__WHAT IS NEEDED__: Every record below should be written out exactly; pictures stay out.

__Data entries__:
========

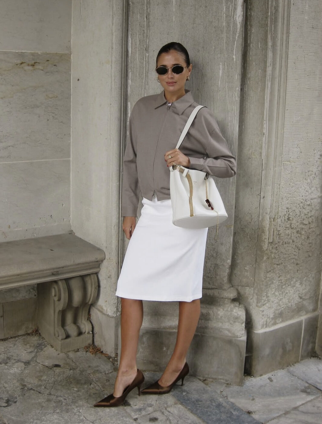 여기에 트렌디함을 더한다면 캐주얼한 스타일의 봄버 재킷을 활용해 보세요. 지퍼를 채운 베이지 재킷와 브라운 하이힐 사이에 새하얀 펜슬 스커트가 독보적입니다. 여기에 화이트 숄더 백까지 더해 스커트를 더욱 돋보이게 만들어 주었어요.
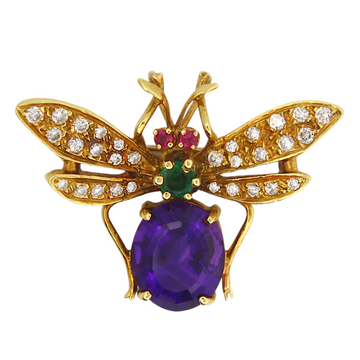 Insect Bug Diamond Amethyst Emerald Ruby Brooch Pin 0.50 CT 18K Yellow Gold Gemstones Type:...
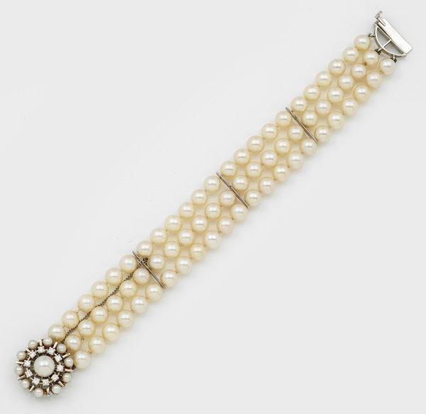 Weißgold, gest. 750. 3-reihiges Armband aus cremefarbenen Zuchtperlen von ca. 6,7 mm in sehr feinem, rose-grün changierendem Lüster. Schließe mit Brillanten von zus. ca. 0,20 ct. besetzt.
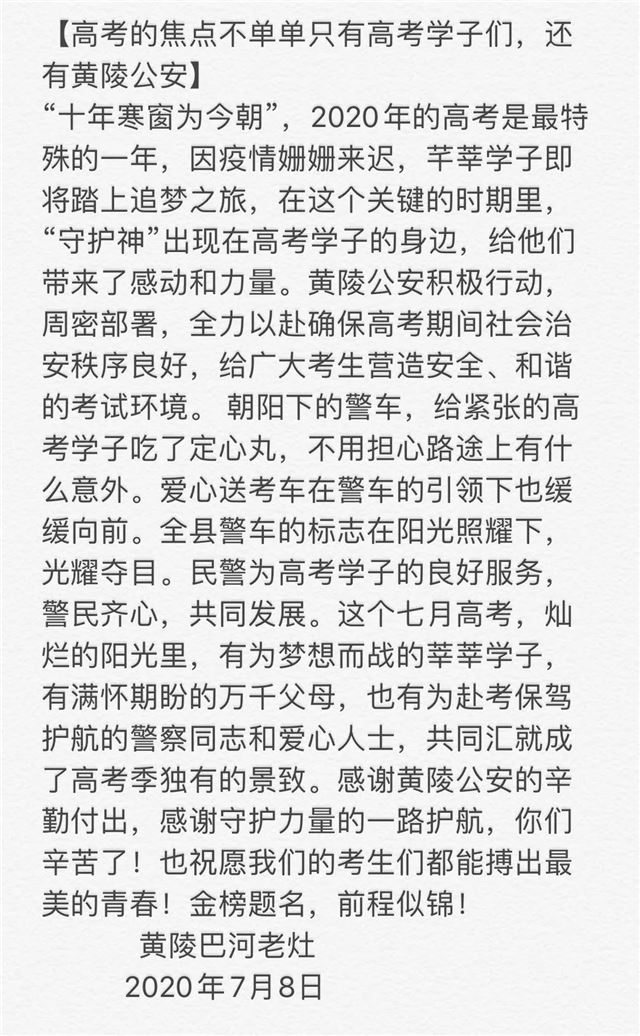 7月8日一大早,爱心企业”黄陵巴河老灶“就为黄陵公安高考执勤点的执勤的民辅警送来了30箱矿泉水,并送上了一封电子感谢信,感谢黄陵公安人全力护航高考。
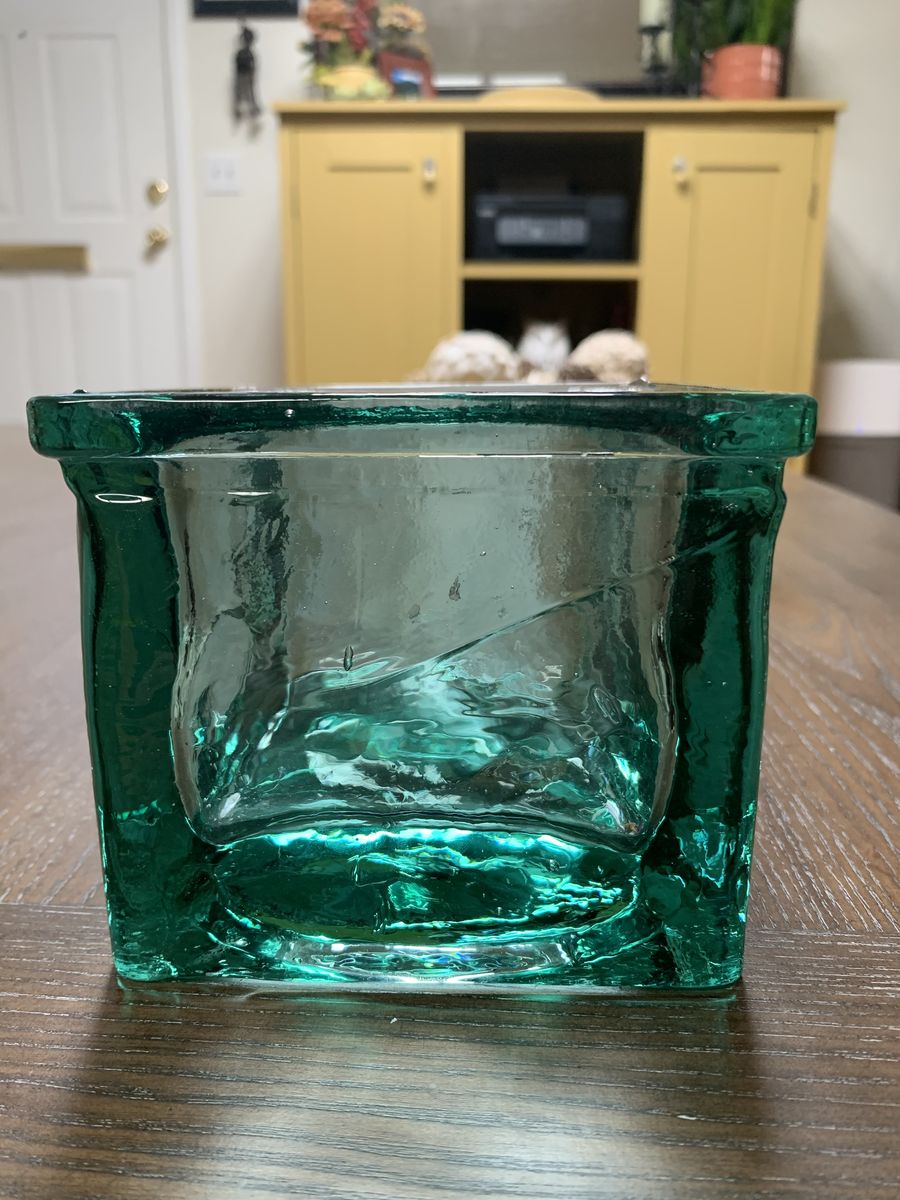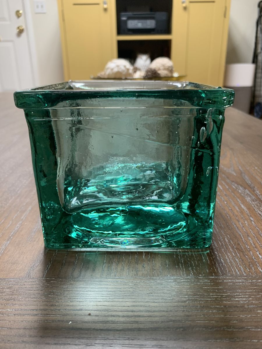 VenmoA stunning 5” glass vase or candle holder from Spain. A square block shape with a textured, ice-block design. Use as a vase, planter, or candle holder. Made of heavy, thick glass. Weighs 4lbs. Clean and ready to go. Venmo or Cash. Venmo to hold. Non-smoking/No pet home.

========

__RESPONSE TO THIS TASK__:
 여기에 트렌디함을 더한다면 캐주얼한 스타일의 봄버 재킷을 활용해 보세요. 지퍼를 채운 베이지 재킷와 브라운 하이힐 사이에 새하얀 펜슬 스커트가 독보적입니다. 여기에 화이트 숄더 백까지 더해 스커트를 더욱 돋보이게 만들어 주었어요.
 Insect Bug Diamond Amethyst Emerald Ruby Brooch Pin 0.50 CT 18K Yellow Gold Gemstones Type:...
 Weißgold, gest. 750. 3-reihiges Armband aus cremefarbenen Zuchtperlen von ca. 6,7 mm in sehr feinem, rose-grün changierendem Lüster. Schließe mit Brillanten von zus. ca. 0,20 ct. besetzt.
 7月8日一大早,爱心企业”黄陵巴河老灶“就为黄陵公安高考执勤点的执勤的民辅警送来了30箱矿泉水,并送上了一封电子感谢信,感谢黄陵公安人全力护航高考。
 VenmoA stunning 5” glass vase or candle holder from Spain. A square block shape with a textured, ice-block design. Use as a vase, planter, or candle holder. Made of heavy, thick glass. Weighs 4lbs. Clean and ready to go. Venmo or Cash. Venmo to hold. Non-smoking/No pet home.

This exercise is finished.